In the example below, we are using our previous print_id() function once again. But you may notice that the print_id() function is a little different this time, because now we are using catch instead of try in the print() call. Currently, the Pool struct only supports functions that don’t return errors as tasks. Thus, when assigining tasks to threads in a thread pool, is essential to use functions that don’t return errors. That is why we are using catch here, so that the print_id() function don’t return an error.

fn print_id(id: *const u8) void {
    _ = stdout.print("Thread ID: {d}\n", .{id.*})
        catch void;
}
const id1: u8 = 1;
const id2: u8 = 2;
try pool.spawn(print_id, .{&id1});
try pool.spawn(print_id, .{&id2});

This limitation should probably not exist, and, in fact, it is already on the radar of the Zig team to fix this issue, and it is being tracked on an open issue1. So, if you do need to provide a function that might return an error as the task to be performed by the threads in the thread pool, then, you are either limited to:

  • implementing your own thread pool that does not have this limitation.
  • wait for the Zig team to actually fix this issue.

16.6 Mutexes

Mutexes are a classic component of every thread library. In essence, a mutex is a Mutually Exclusive Flag, and this flag acts like a type of “lock”, or as a gate keeper to a particular section of your code. Mutexes are related to thread syncronization, more specifically, they prevent you from having some classic race conditions in your program, and, therefore, major bugs and undefined behaviour that are usually difficult to track and understand.

The main idea behind a mutex is to help us to control the execution of a particular section of the code, and to prevent two or more threads from executing this particular section of the code at the same time. Many programmers like to compare a mutex to a bathroom door (which usually have a lock). When a thread locks it’s own mutex object, it is like if the bathroom door was locked, and, therefore, the other people (in this case, the other threads) that wants to use the same bathroom at the same time have to be patient, and simply wait for the other person (or the other thread) to unlock the door and get out of the bathroom.

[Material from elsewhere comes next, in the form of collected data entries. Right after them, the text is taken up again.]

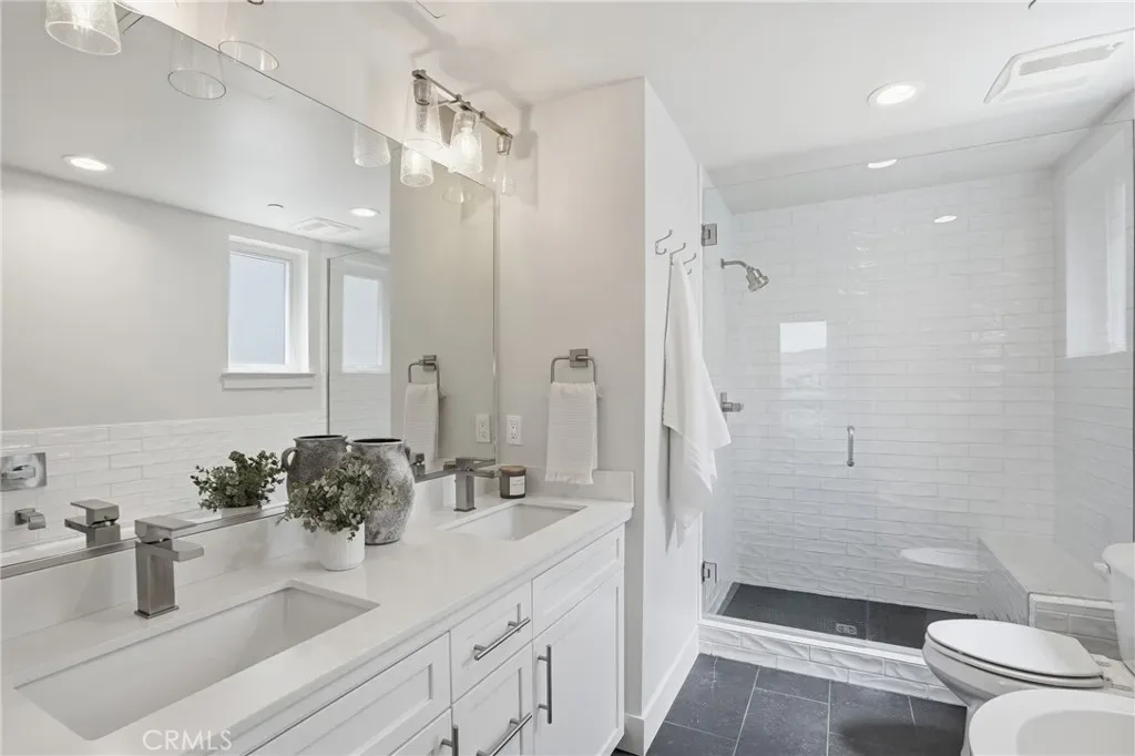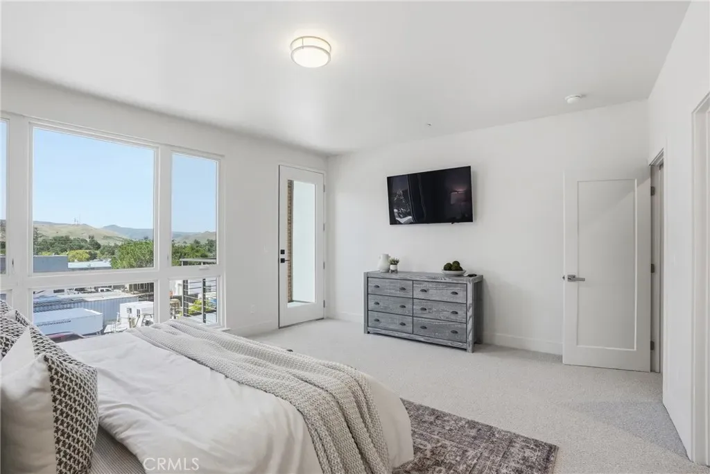Continue up to the third floor, where both bedrooms offer ensuite bathrooms for ultimate privacy and convenience. The spacious master bedroom floods with natural light and features its own private balcony and ensuite bathroom with a walk in closet, your personal retreat for relaxing or enjoying SLO evenings. The second bedroom, also with an ensuite bath, sits on the opposite side of the home for added separation. Between them, you will find the thoughtfully placed washer and dryer in the hallway, making laundry a breeze without changing floors.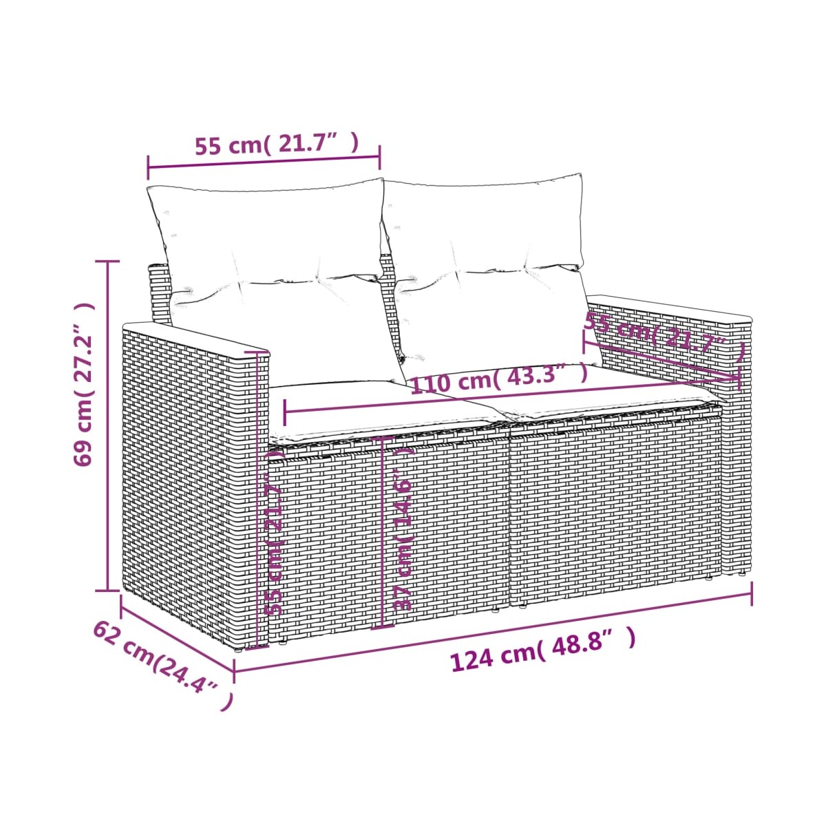 Este conjunto de sofás de jardín es el complemento perfecto para el jardín, terraza o patio, ya que proporciona un espacio confortable y acogedor para charlar con familiares y amigos o simplemente relajarte y disfrutar del aire libre. Material duradero: El ratán PE, también conocido como ratán sintético, es un material sintético resistente y de bajo mantenimiento que se parece al ratán natural. Es ligero, fácil de limpiar y se usa comúnmente para muebles de exterior debido a su durabilidad y propiedades resistentes a la intemperie.Superficie estable y fácil de limpiar: Esta mesa de jardín tiene una superficie de madera de acacia que es resistente, duradero y fácil de limpiar con un paño húmedo.Funda desenfundable y lavable: Estos cojines de asiento cuentan con fundas desenfundables para facilitar el lavado y mantenimiento.Estructura robusta y estable: La estructura de acero con recubrimiento en polvo garantiza que el mueble de jardín sea resistente y estable para usarlo a diario al aire libre.Diseño modular: Este conjunto de muebles de exterior tiene un diseño modular, por lo que es completamente flexible y fácil de mover, para que puedas crear una disposición de muebles de exterior personalizada. Información útil:Para asegurarte de que tus muebles de exterior se mantengan hermosos, recomendamos protegerlos con una funda impermeable.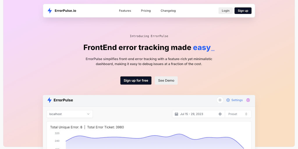 ErrorPulse - Complete Frontend Error Tracking at an Affordable Price | Product Hunt

Some other programmers also like to explain mutexes by using the analogy of “each person will have their turn to speak”. This is the analogy used on the Multithreading Code video from the Computherfile project2. Imagine if you are in a conversation circle. There is a moderator in this circle, which is the person that decides who have the right to speak at that particular moment. The moderator gives a green card (or some sort of an authorization card) to the person that is going to speak, and, as a result, everyone else must be silent and hear this person that has the green card. When the person finishs talking, it gives the green card back to the moderator, and the moderator decides who is going to talk next, and delivers the green card to that person. And the cycle goes on like this.

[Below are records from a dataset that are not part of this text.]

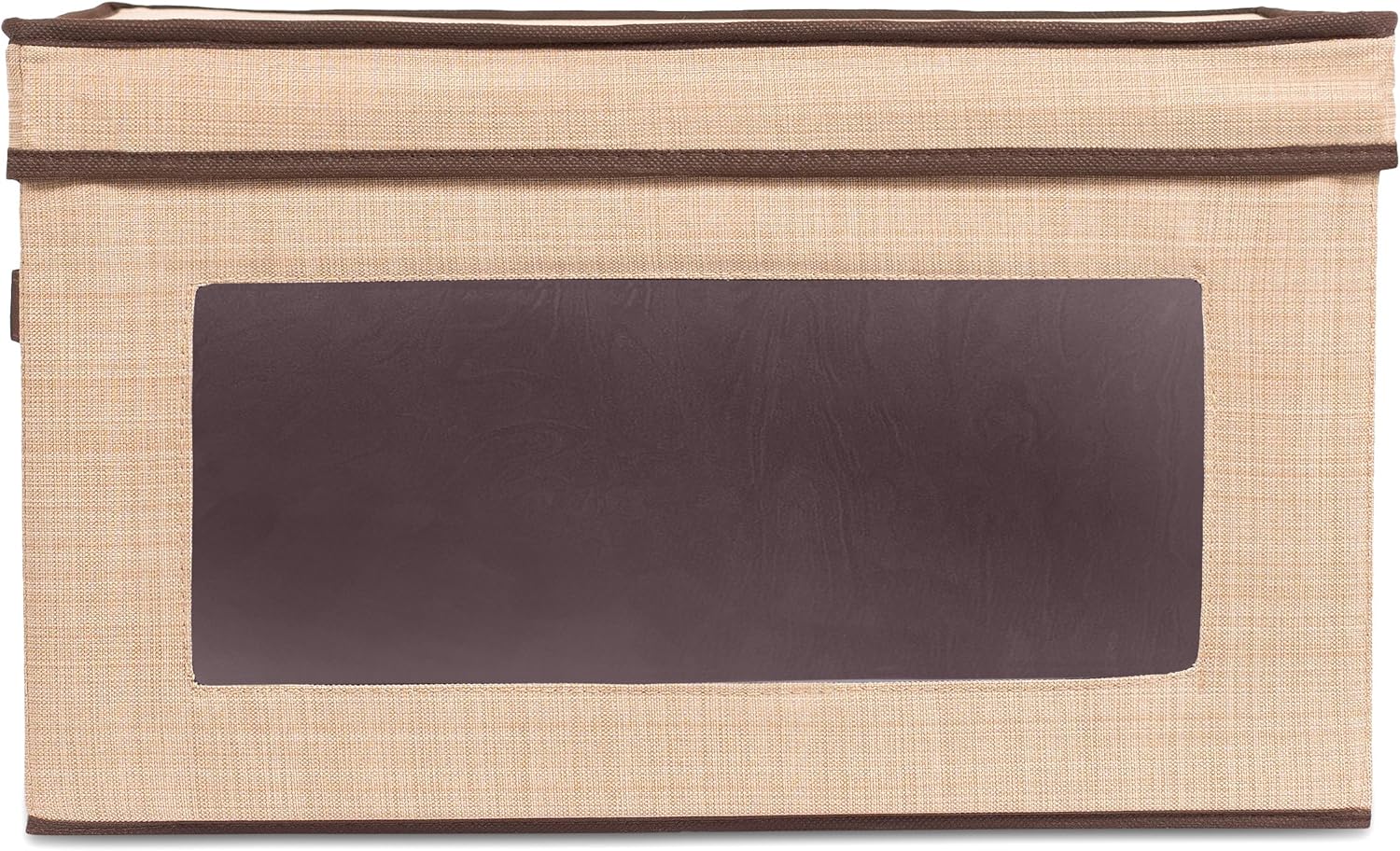 - STORAGE ESSENTIAL: Stow away blankets, toys, books, scarfs, sweaters, throws and other household items within the soft, uniquely designed canvas bins. Includes a clear window to view items that are stowed inside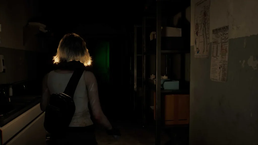 La partie Grace Ashcroft propose une vue à la première personne, dans la lignée de Resident Evil 7. L’expérience est conçue pour maximiser l’angoisse : les couloirs sombres, les sons inquiétants et les surprises constantes plongent le joueur dans une atmosphère oppressante.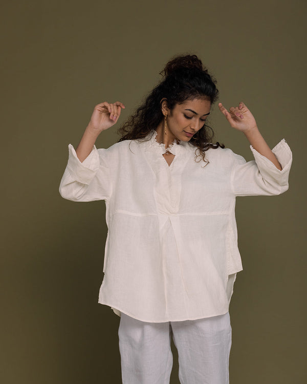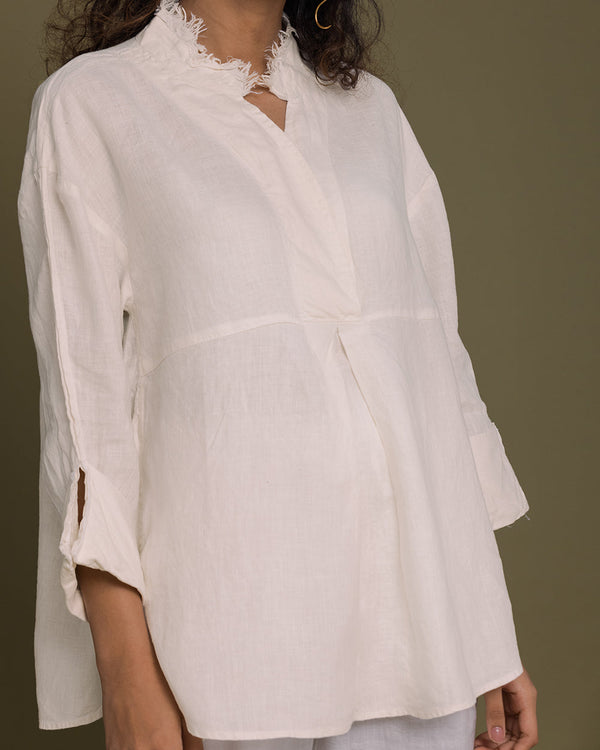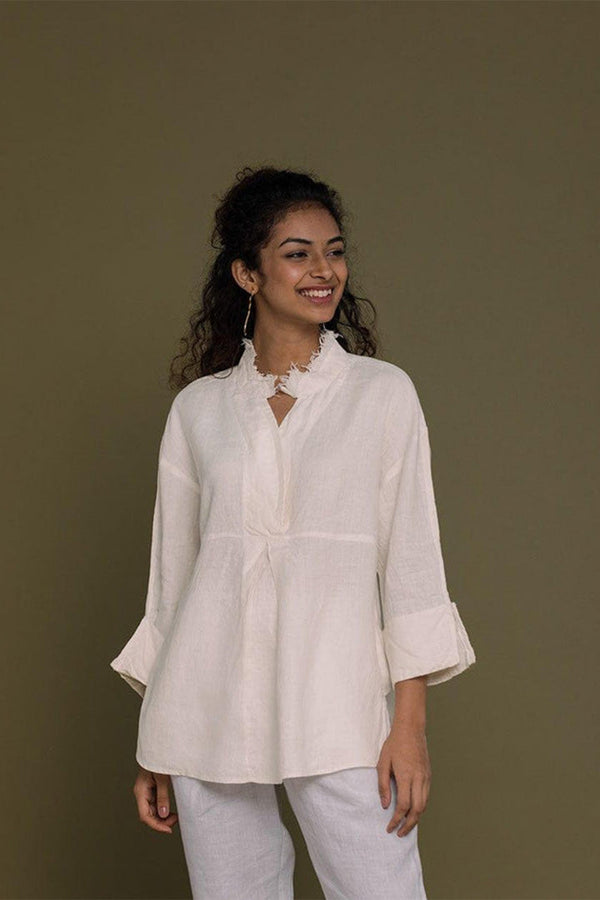 Elevate your style with this shabby chic top that accentuates all body types with casual box pleats in the front and an edgy frayed neckline.

A mutex acts like the moderator in this conversation circle. The mutex authorizes one single thread to execute a specific section of the code, and it also blocks the other threads from executing this same section of the code. If these other threads wants to execute this same piece of the code, they are forced to wait for the the authorized thread to finish first. When the authorized thread finishs executing this code, the mutex authorizes the next thread to execute this code, and the other threads are still blocked. Therefore, a mutex is like a moderator that does a “each thread will have their turn to execute this section of the code” type of control.

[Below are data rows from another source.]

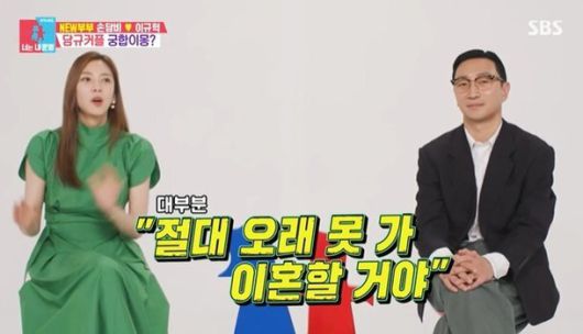 이날 손담비, 이규혁 부부는 “우리 새로 나온 거 있나 보자”며 ‘손담비 이규혁 궁합’으로 검색한 영상을 시청했다. 그러나 부부의 궁합 영상 썸네일에는 ‘결혼해도 오래 못 가’, ‘둘 다 이혼수가 있다’ 등 충격적인 말들이 적혀 있었다.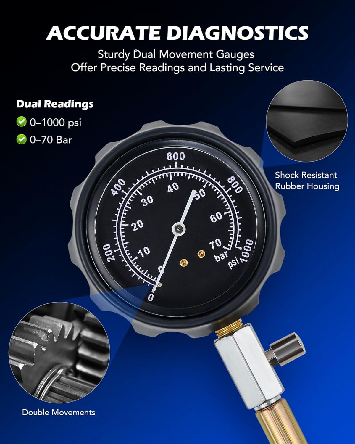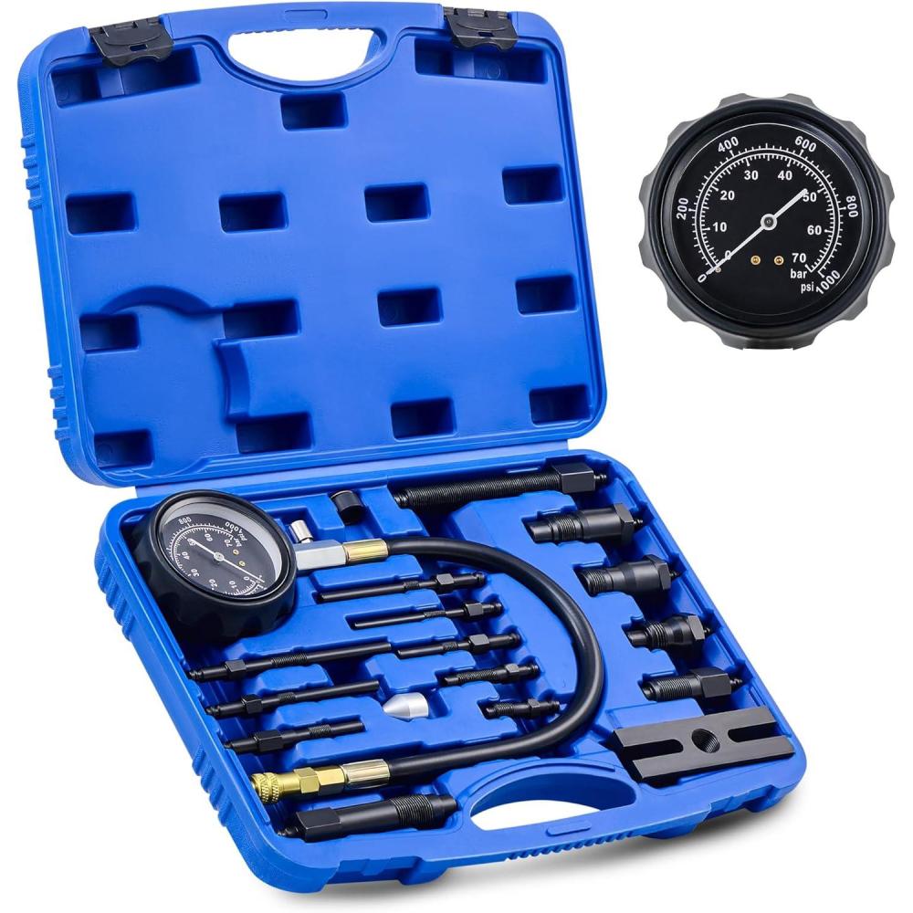 Orion Motor Tech Diesel Engine Compression Tester, 18pc Diesel Compression Tester with 0-1000 psi Diesel Pressure Gauge Adapters, Diesel Injector Tester Diesel Pressure Tester Kit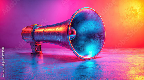 megaphone, announcement, speaker, sound, voice, communication, broadcast, message, loud, public, address, audio, technology, lighting, neon, colours, pink, blue, orange, light, metal, surface, shiny, vibrant, studio, background, design, illustration, three-dimensional, render, concept, power, promote, advertise, event, news, information, warning, alert, signal, call, attention, marketing, publicity

Mutexes are specially used to prevent data race problems from happening. A data race problem happens when two or more threads are trying to read from or write to the same shared object at the same time. So, when you have an object that is shared will all threads, and, you want to avoid two or more threads from accessing this same object at the same time, you can use a mutex to lock the part of the code that access this specific object. When a thread tries to run this code that is locked by a mutex, this thread stops it’s execution, and patiently waits for this section of the codebase to be unlocked to continue.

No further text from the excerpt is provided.